# Goal of the exercise
Check each line of the data, and copy those where "that" appears.

# The records
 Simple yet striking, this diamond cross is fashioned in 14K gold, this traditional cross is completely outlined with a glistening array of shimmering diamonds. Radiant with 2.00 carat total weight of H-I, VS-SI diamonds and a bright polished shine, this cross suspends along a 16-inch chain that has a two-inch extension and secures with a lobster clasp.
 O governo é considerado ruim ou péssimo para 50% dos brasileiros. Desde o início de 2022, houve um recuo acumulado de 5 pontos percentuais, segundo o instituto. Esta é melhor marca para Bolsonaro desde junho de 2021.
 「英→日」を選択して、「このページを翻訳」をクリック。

--

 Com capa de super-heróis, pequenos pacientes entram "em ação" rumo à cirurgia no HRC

...

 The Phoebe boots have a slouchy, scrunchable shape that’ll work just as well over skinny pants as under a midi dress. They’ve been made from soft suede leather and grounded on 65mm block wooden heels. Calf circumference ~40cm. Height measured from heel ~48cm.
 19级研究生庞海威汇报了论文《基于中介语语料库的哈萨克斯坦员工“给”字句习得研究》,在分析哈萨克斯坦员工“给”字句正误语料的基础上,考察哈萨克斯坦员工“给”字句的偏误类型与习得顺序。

# Exercise answer
 Simple yet striking, this diamond cross is fashioned in 14K gold, this traditional cross is completely outlined with a glistening array of shimmering diamonds. Radiant with 2.00 carat total weight of H-I, VS-SI diamonds and a bright polished shine, this cross suspends along a 16-inch chain that has a two-inch extension and secures with a lobster clasp.
 The Phoebe boots have a slouchy, scrunchable shape that’ll work just as well over skinny pants as under a midi dress. They’ve been made from soft suede leather and grounded on 65mm block wooden heels. Calf circumference ~40cm. Height measured from heel ~48cm.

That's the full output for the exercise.